Now begin to focus on what you are doing to cause problems in the marriage. Here is not the time to say, “She is more at fault!” The problems in your marriage may stem from the actions from one person 90% of the time; however, the 10% the other is causing is also having a big impact on what is going on. Begin to focus on you! So in the daily prayer time that you are already doing, confess each day what sins you committed against your spouse.

Compliment

Also, in the daily prayer time that you are already doing, look your spouse in the eyes and tell them something that you appreciate about them.

Week Three
Start Communicating Well

Remember this: you are on the same team. You are supposed to be “one flesh.” That means you are supposed to be unsplittable as you face the world’s problems and raise your children. That means when you face difficulties and problems in your marriage, you must be able to discuss and work together to solve your issues.

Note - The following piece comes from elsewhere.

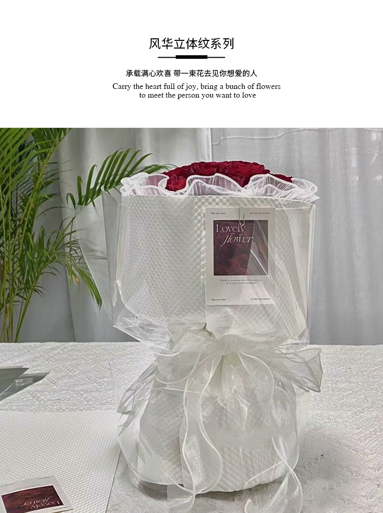 Papel de embalaje de ramo Papel tridimensional en relieve Papel de arte de lunares Papel de embalaje de flores de color sólido al por mayor

Now would be a good time to remember God’s instructions to each spouse:

For the wife: Ephesians 5:22-24, "Wives, submit to your own husbands, as to the Lord. For the husband is the head of the wife even as Christ is the head of the church, his body, and is himself its Savior. Now as the church submits to Christ, so also wives should submit in everything to their husbands.

For the husband: Ephesians 5:25-27, Husbands, love your wives, as Christ loved the church and gave himself up for her, that he might sanctify her, having cleansed her by the washing of water with the word, so that he might present the church to himself in splendor, without spot or wrinkle or any such thing, that she might be holy and without blemish.

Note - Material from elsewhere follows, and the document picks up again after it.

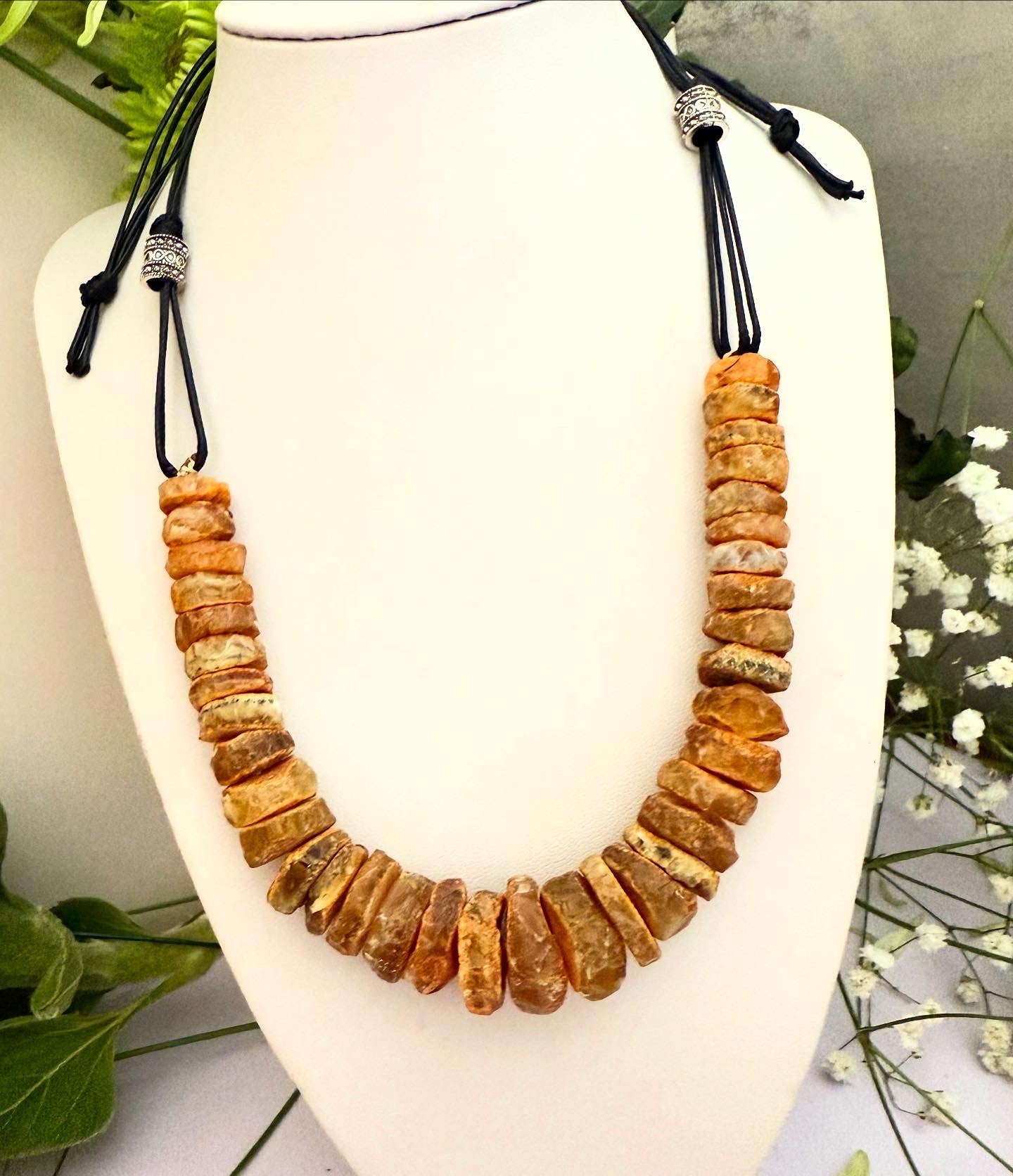 שרשרת דיסקית ענבר "בוהו" - עבודת יד

Step-by-step Problem Solving Plan

Usually, problems are more about the way they were handled more so than the problem itself. Therefore, approaching problems in a step-by-step process is the best approach to making sure the focus is on the problems and not the people. This approach should help keep emotions at bay. Take a sheet of paper out and follow these steps below:

1. Set the time and place for a discussion. Let the person know that you want to bring up something that is important. Plan for a time to talk when things are not crazy in the home (e.g., when things are quiet, after the kids are in bed, etc.)
2. Read a few Bible verses that may pertain to the problem. Click here for some verses that may help.
3. Hold hands and pray for your attitude to honor God as you discuss the problem.
4. Affirm: "We are on the same team."
5. Define the problem. Don’t be defensive! If needed, explain the problem by starting with “I feel …”. The reason one may need to start a sentence with “I feel” is because you are stating a fact from your perspective. People often disagree about things, problems, and solutions. What cannot be taken from another is how one feels when their spouse acts a certain way. Example: “I feel belittled when you ‘pick at me’ in public.” The other person needs to repeat what was said. (Do not skip this step.) Example: “You feel like I am not respecting you when I joke about you in public.”
6. List the ways each person contributes to the problem. Examine only yourself here.
7. List past attempts to solve the problem.
8. Write down possible ways to solve the problem. Do not make fun of any possible solution. List several solutions or possible solutions.
9. Discuss the possible solutions.
10. Agree what each one will do to solve the problem. Notice the “each one” in the previous sentence.
11. Meet again for follow-up if needed.
(adapted from Prepare Enrich, “Conflict Resolution”)

Week Five
Accountability

1. Target stubborn problems with the Bible verses that apply: click here. Keep reading the verses and ask God to soften your heart towards the problems and look for solutions with your spouse.
2. Buy a 1 Corinthians 13 “Love Passage” room decor item and hang it in the living room (example here and here). Point at it when necessary. Let the Bible verses hold each person accountable. Teach the passages to your kids.

Week Six
Enrichment Your Marriage

1. If you have applied yourself to these simple things then you are already making progress.
2. It’s a date night. Go out and have some fun together again. Make sure you are taking time for yourselves. Put things on your calendars that will help you to spend quality time with each other.